If you’ve been around NYC for, say, the last 10 years or so, you may have heard of +POOL, a swimming pool in the shape of a plus sign. Besides its appearance, it’s distinguished from other NYC pools by the fact that it’s designed to bob along the surface of the East River, filtering out nasty bacteria and contaminants from the estuary’s brackish H20 to produce 600,000 gallons of good, clean, swimmable fun.

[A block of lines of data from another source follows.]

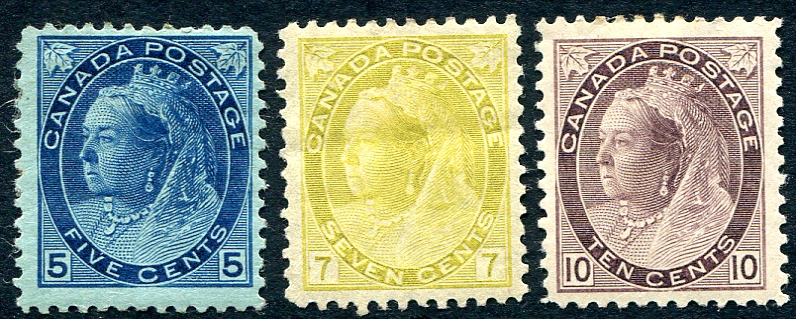 F/VF mint Hinged / Hinge Remnant trio of 1898-1902 issued QV Numeral issues mid/high-values including the 5c blue, 7c yellow ochre and 10c brown violet. A high-powered trio. 2025 Scott US$840.00 =
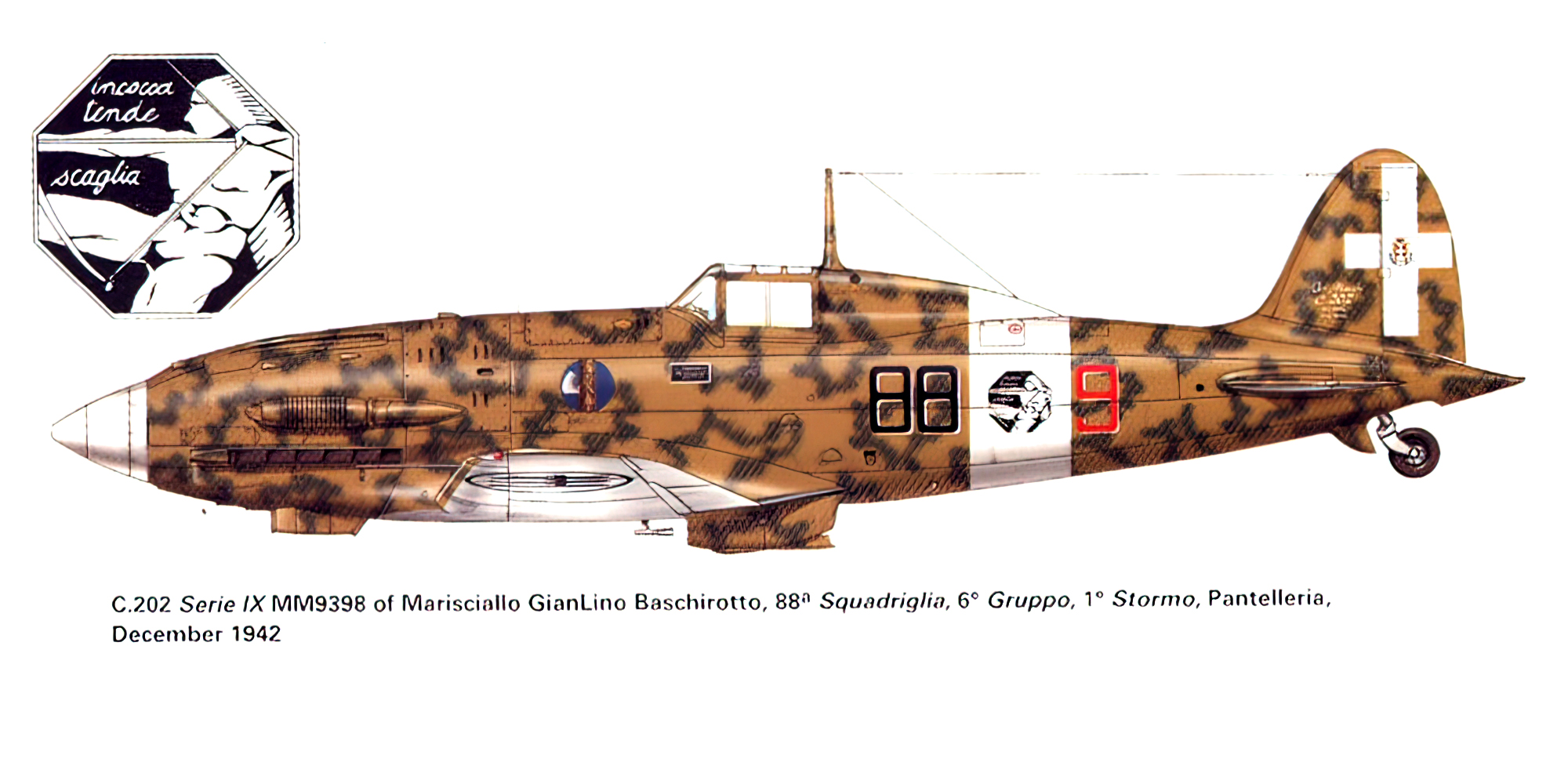 RA Macchi MC202 Folgore 1 Stormo 6 Gruppo 88 Sqa 88 9 Marisciallo Baschirotto MM9398 Pantelleria Dec 1942 0A
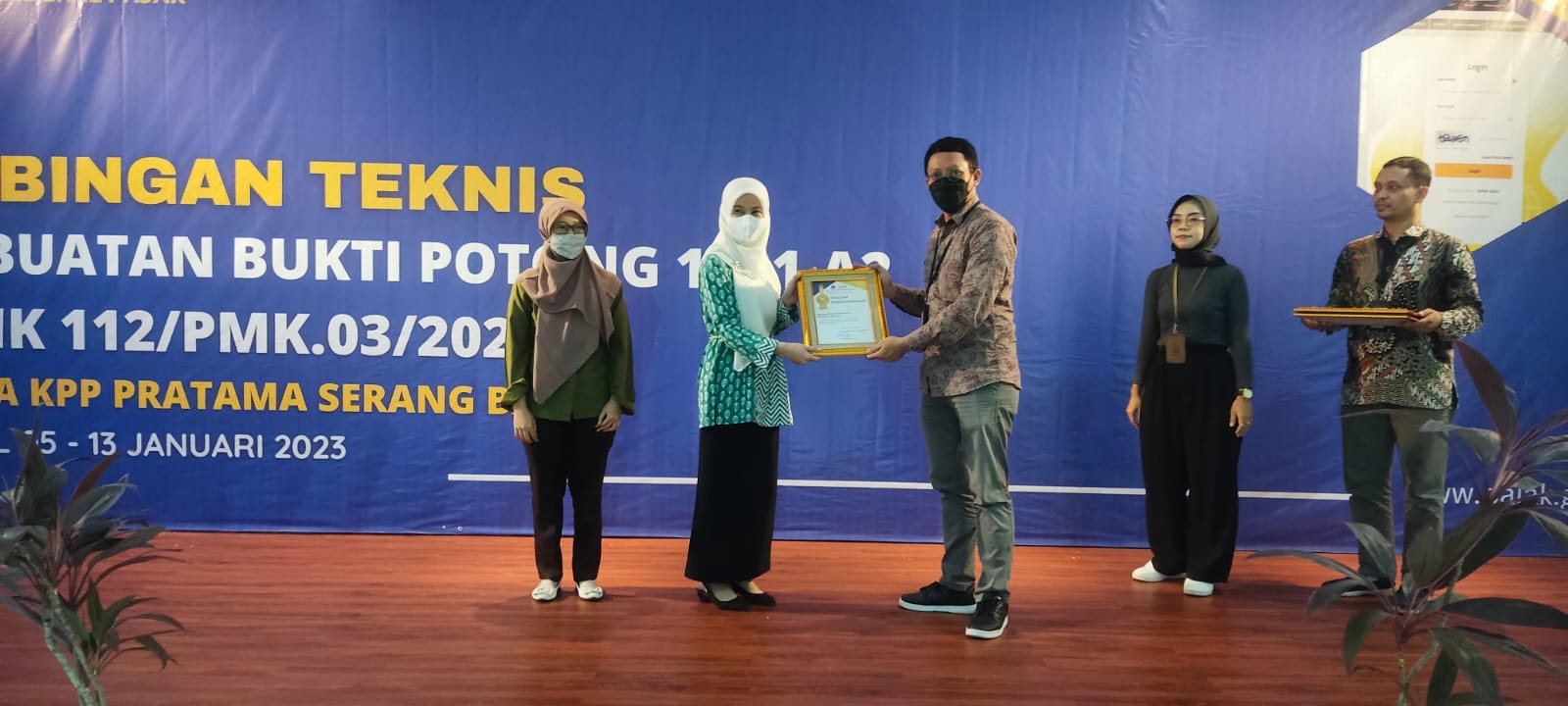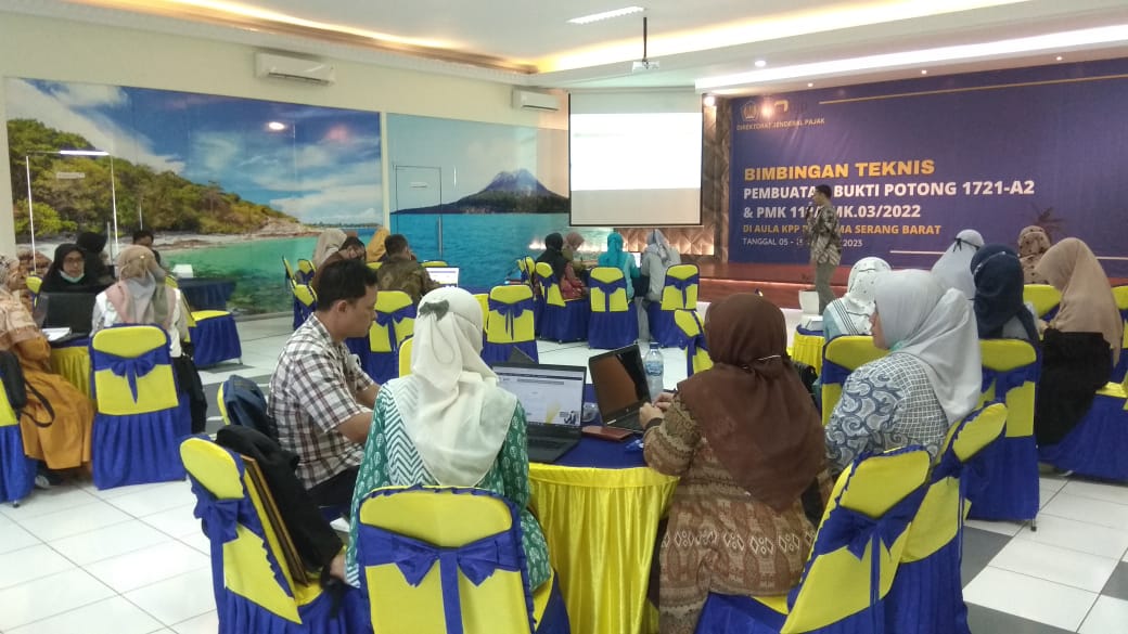 Kantor Pelayanan Pajak (KPP) Pratama Serang Barat mengadakan kegiatan Bimbingan Teknis Pembuatan Bukti Potong 1721-A2 & PMK 112/PMK.03/2022 yang dihadiri oleh bendahara dari 25 satuan kerja (satker) Kabupaten Serang, bertempat di Aula KPP Pratama Serang Barat, Kota Serang (Jumat, 13/1).
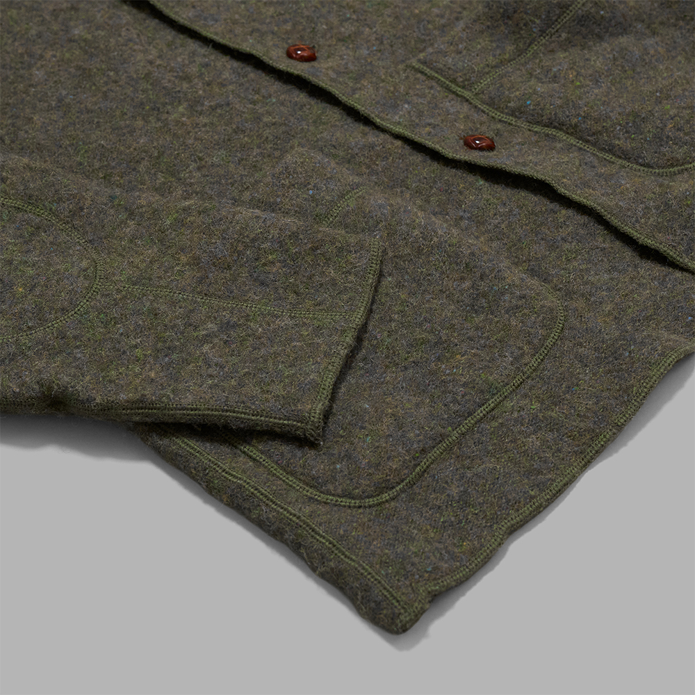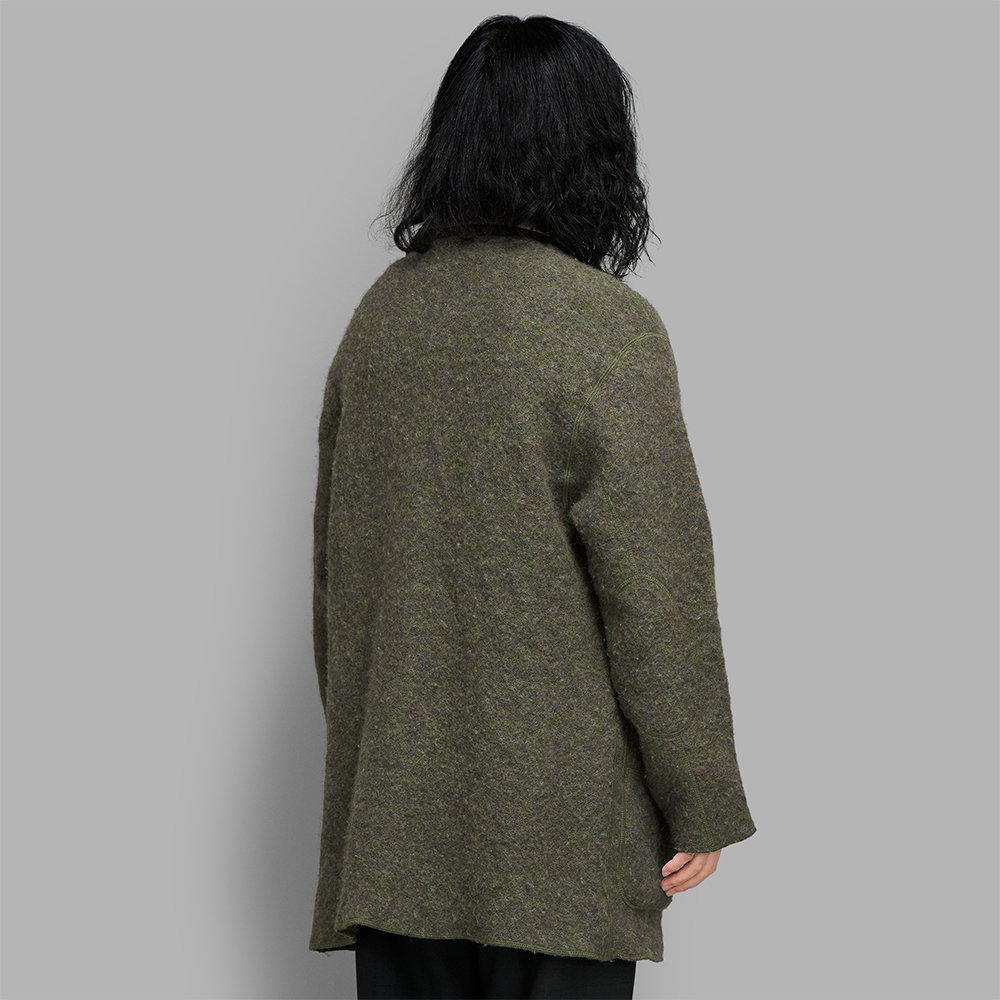 クラフト感を感じさせるステッチワークも印象的です。カーディガンとジャケットの中間のような佇まいも、ニットジャケットの魅力の1つです。シャツやニットと重ねるだけで、柔らかく雰囲気のあるスタイルをお楽しみいただけます。
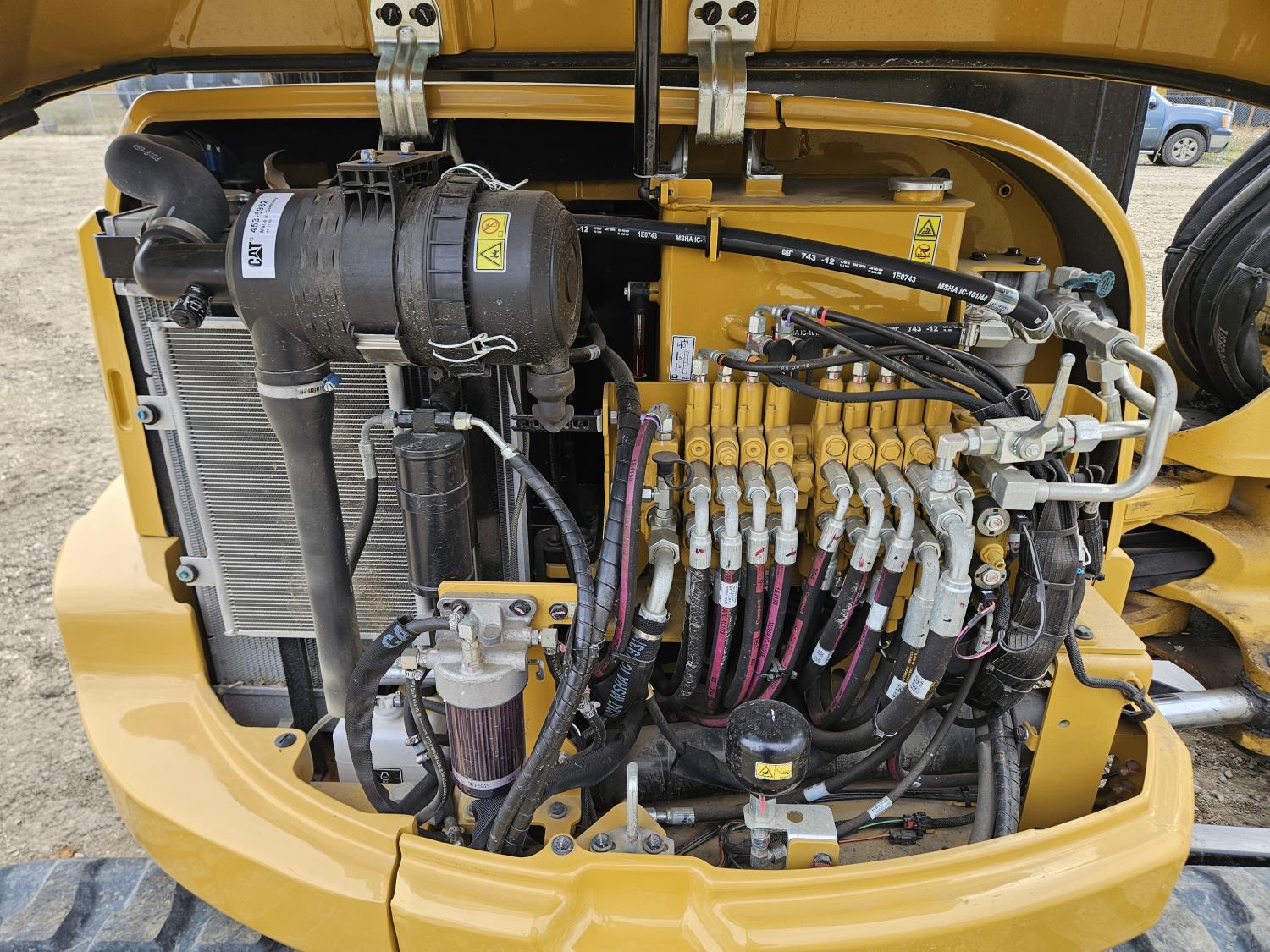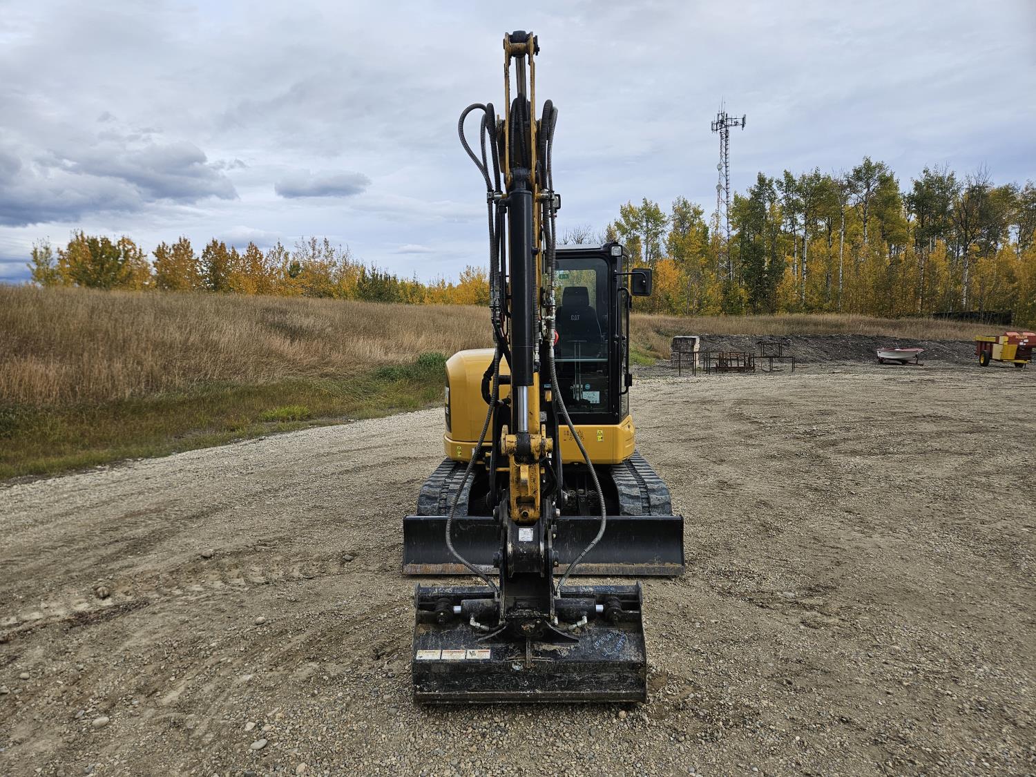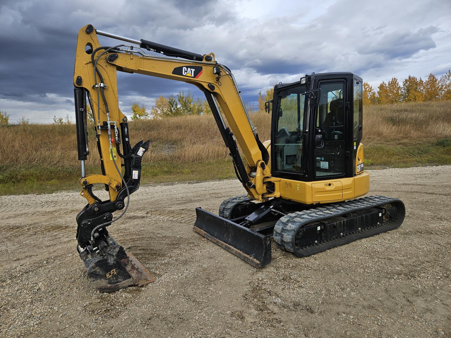 Enclosed cab, A/C, pilot controls, cab heater, radio, hydraulic Q/C coupler, hydraulic thumb, 68 inch stick, backfill blade, 44" twist-a-wrist bucket, 22" dig bucket, 16 inch rubber tracks
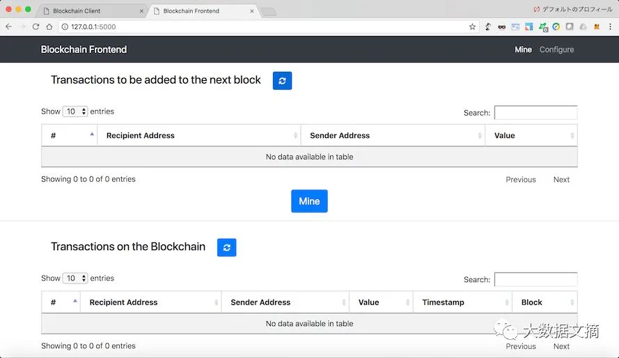 你可以从终端启动区块链节点,通过进入blockchain文件夹,并输入命令:python blockchain_client.py或python blockchain_client.py -p <PORT NUMBER> 。如果你未指定端口号,则会默认端口号为5000。在浏览器中打开http://localhost:<PORT NUMBER>可以看到区块链前端展示界面。
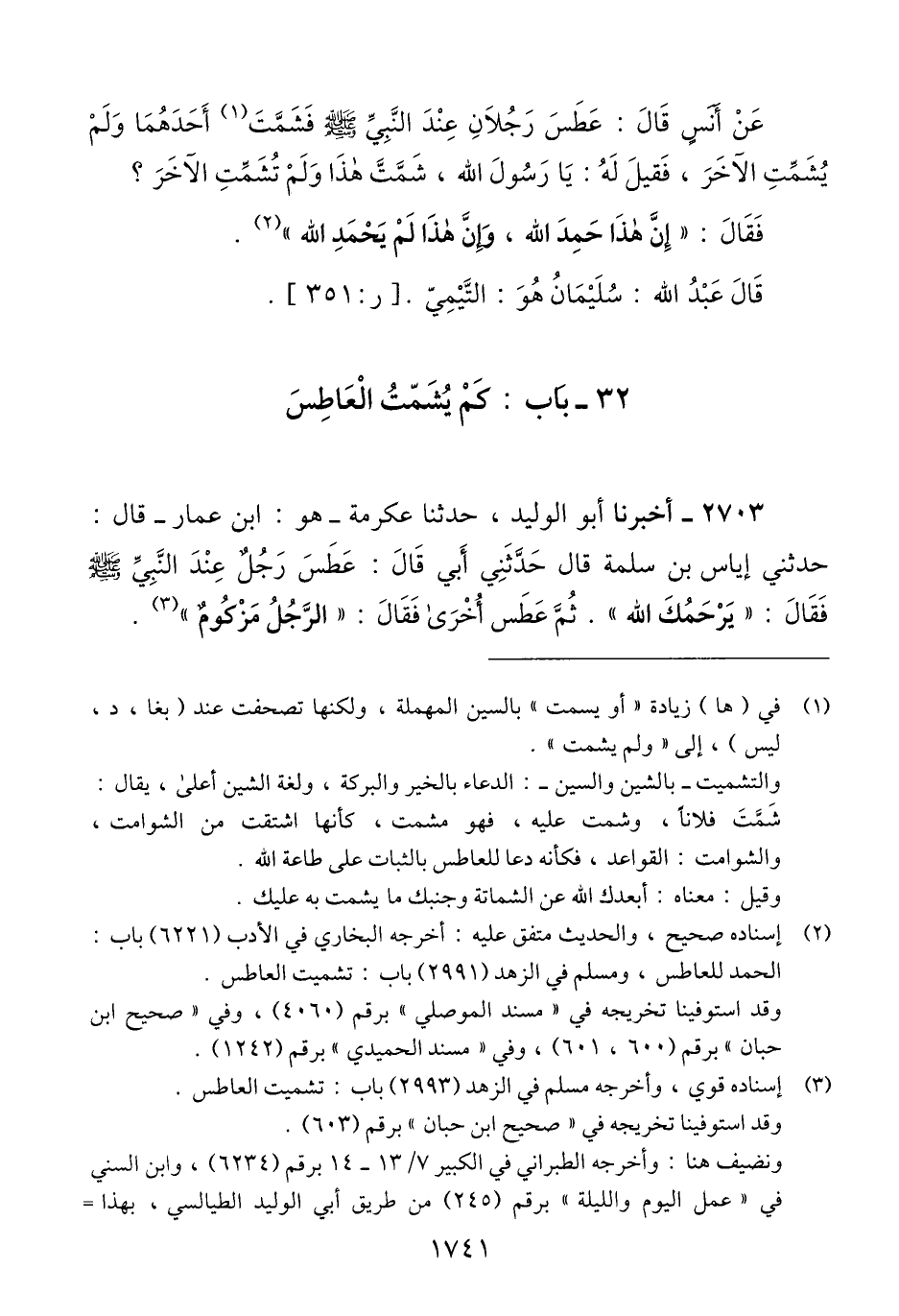 2703 - أَخْبَرَنَا أَبُو الْوَلِيدِ، حَدَّثَنَا عِكْرِمَةُ هُوَ ابْنُ عَمَّارٍ، قَالَ: حَدَّثَنِي إِيَاسُ بْنُ سَلَمَةَ، قَالَ: حَدَّثَنِي أَبِي، قَالَ: عَطَسَ رَجُلٌ عِنْدَ النَّبِيِّ صَلَّى اللهُ عَلَيْهِ وَسَلَّمَ، فَقَالَ: «§يَرْحَمُكَ اللَّهُ». ثُمَّ عَطَسَ أُخْرَى فَقَالَ: «الرَّجُلُ مَزْكُومٌ» Qإسناده قوي

Always on the verge of opening, though never quite doing so, +POOL has been floating around (heh) since 2011, when it began as a Kickstarter campaign. The folks behind the project insist that it’s still happening, but in the meantime, they’re offering something of a placeholder: A water-borne light installation in the shape of +POOL.

Photograph: Iwan Baan

Anchored off Pier 17 at the South Street Seaport, +POOL Light, as it’s appropriately dubbed, measures 50 by 50 feet and is constructed out of LEDs that change color according to the condition of the water—which, according to the +POOL Light website means “indicating when it’s great, or not so great for swimming!” (Question: When is it ever “great” to dive half-naked into the East River?) The website also mentions that scientists at Columbia University’s Lamont Doherty Earth Observatory developed an algorithm that uses environmental data (temperature, turbidity and salinity) collected by sensors at the pier to program the installation (you can also receive the info via an online dashboard app). +POOL Light is on view until January 4, so if you go, bring your trunks, because, hey, you never know when it might be time for a dip.